EXERCISE DESCRIPTION:
Could you give back exactly the lines below from the one with "Bestes Adventure Blue" through the one with "Confira novas fotos", without a single picture?

TASK DATA:
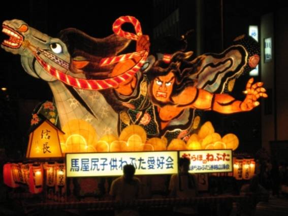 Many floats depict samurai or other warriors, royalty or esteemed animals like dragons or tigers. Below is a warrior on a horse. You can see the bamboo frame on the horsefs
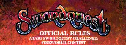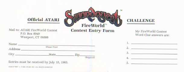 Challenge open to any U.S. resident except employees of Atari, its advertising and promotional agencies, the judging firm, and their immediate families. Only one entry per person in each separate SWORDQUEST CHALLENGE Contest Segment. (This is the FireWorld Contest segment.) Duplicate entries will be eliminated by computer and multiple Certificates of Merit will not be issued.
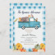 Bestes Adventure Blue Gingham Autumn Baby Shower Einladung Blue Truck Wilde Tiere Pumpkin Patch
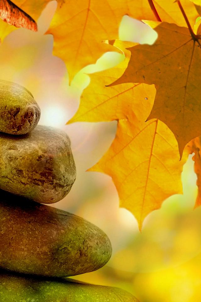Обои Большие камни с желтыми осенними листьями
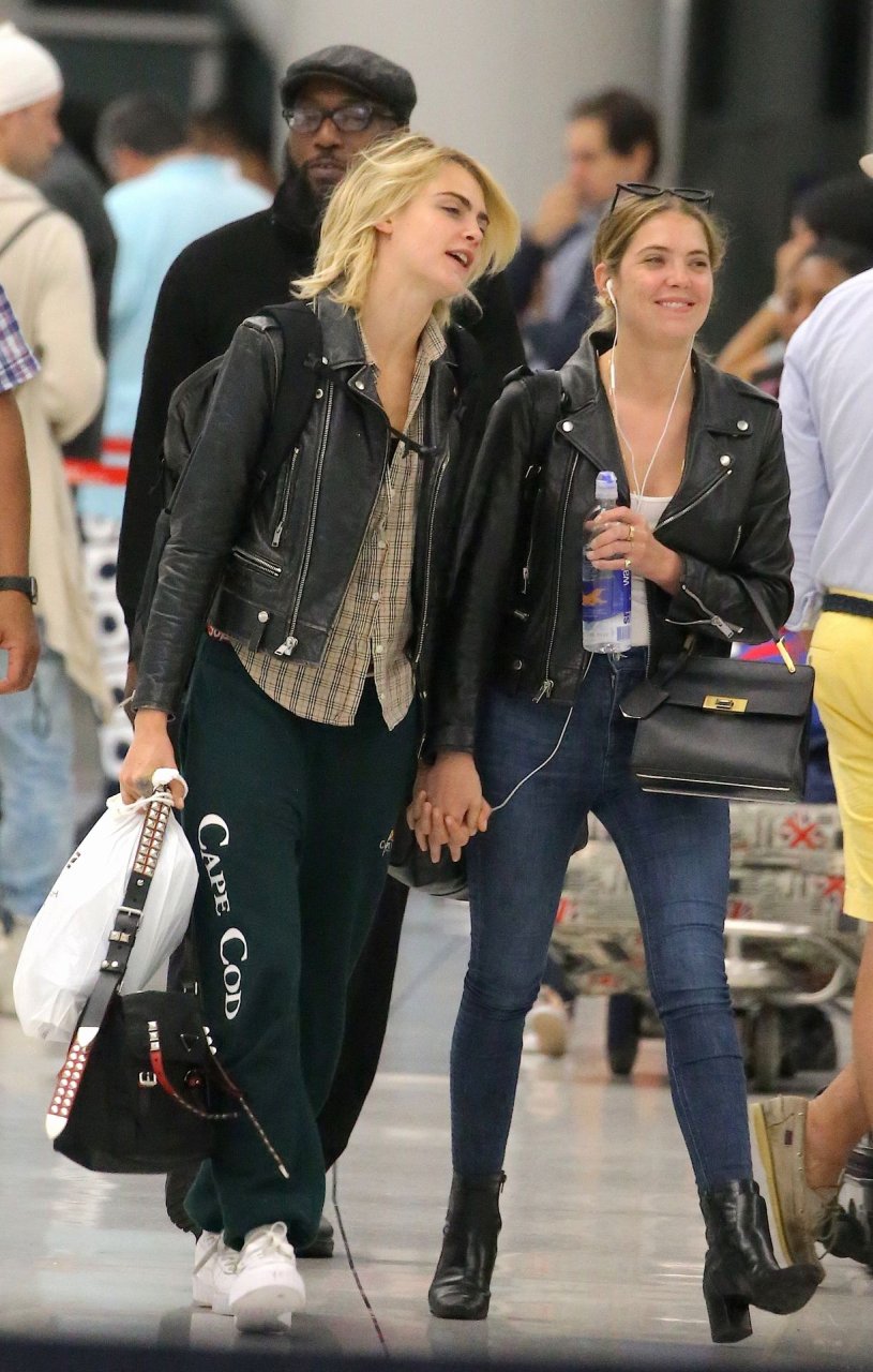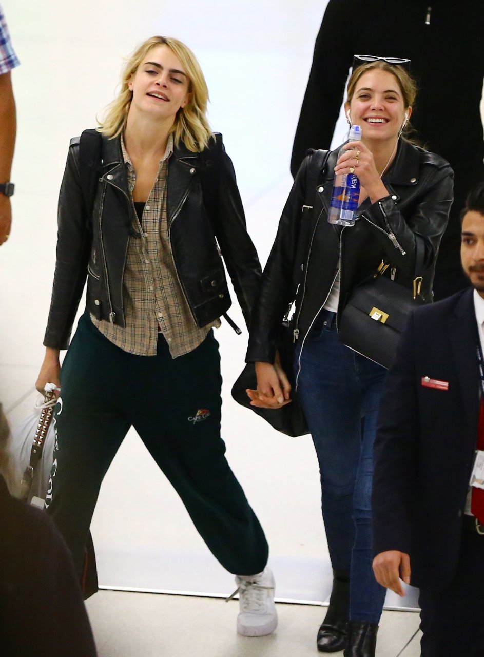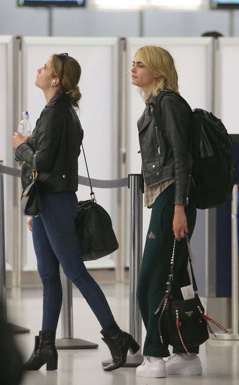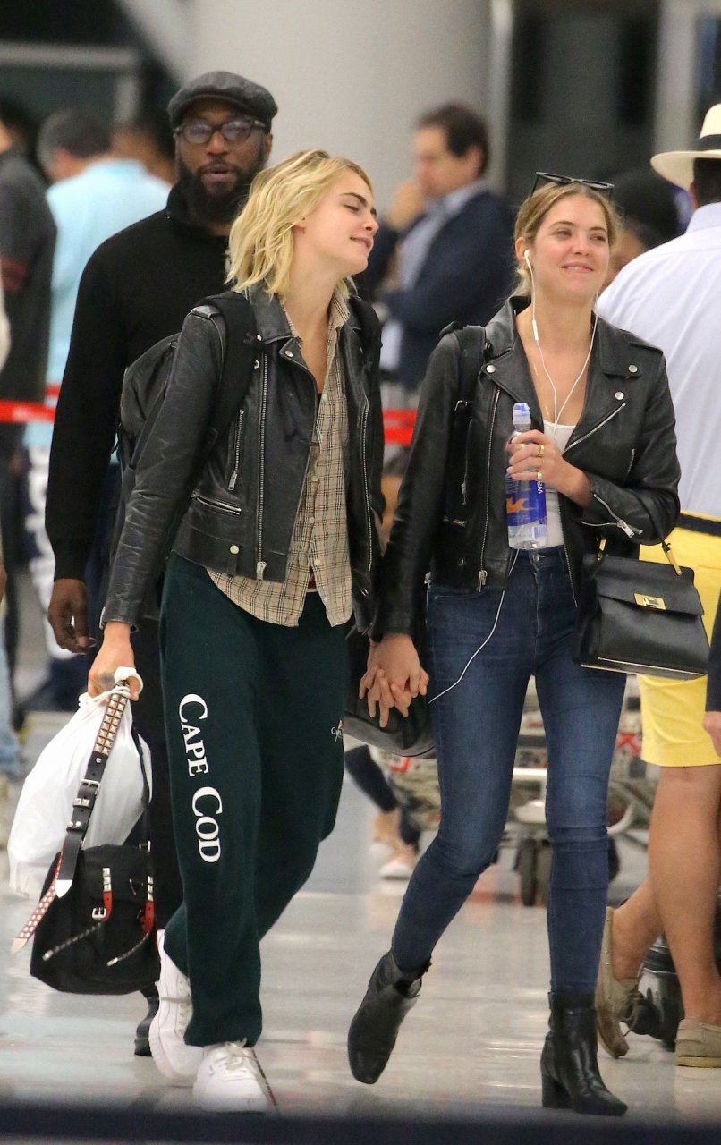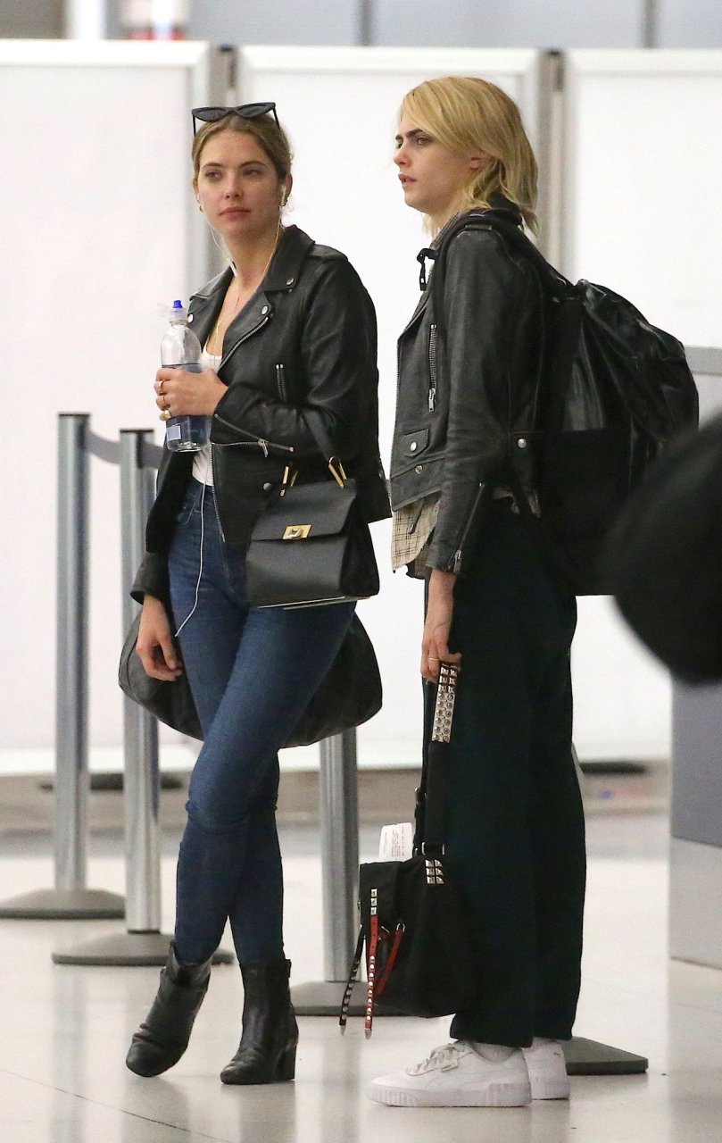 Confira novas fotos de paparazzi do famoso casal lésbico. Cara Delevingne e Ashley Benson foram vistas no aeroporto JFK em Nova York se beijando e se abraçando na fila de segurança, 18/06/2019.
* * *
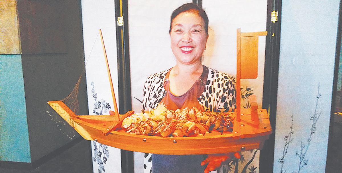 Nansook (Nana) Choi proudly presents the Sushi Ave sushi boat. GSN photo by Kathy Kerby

COMPLETED TASK:
 Bestes Adventure Blue Gingham Autumn Baby Shower Einladung Blue Truck Wilde Tiere Pumpkin Patch
Обои Большие камни с желтыми осенними листьями
 Confira novas fotos de paparazzi do famoso casal lésbico. Cara Delevingne e Ashley Benson foram vistas no aeroporto JFK em Nova York se beijando e se abraçando na fila de segurança, 18/06/2019.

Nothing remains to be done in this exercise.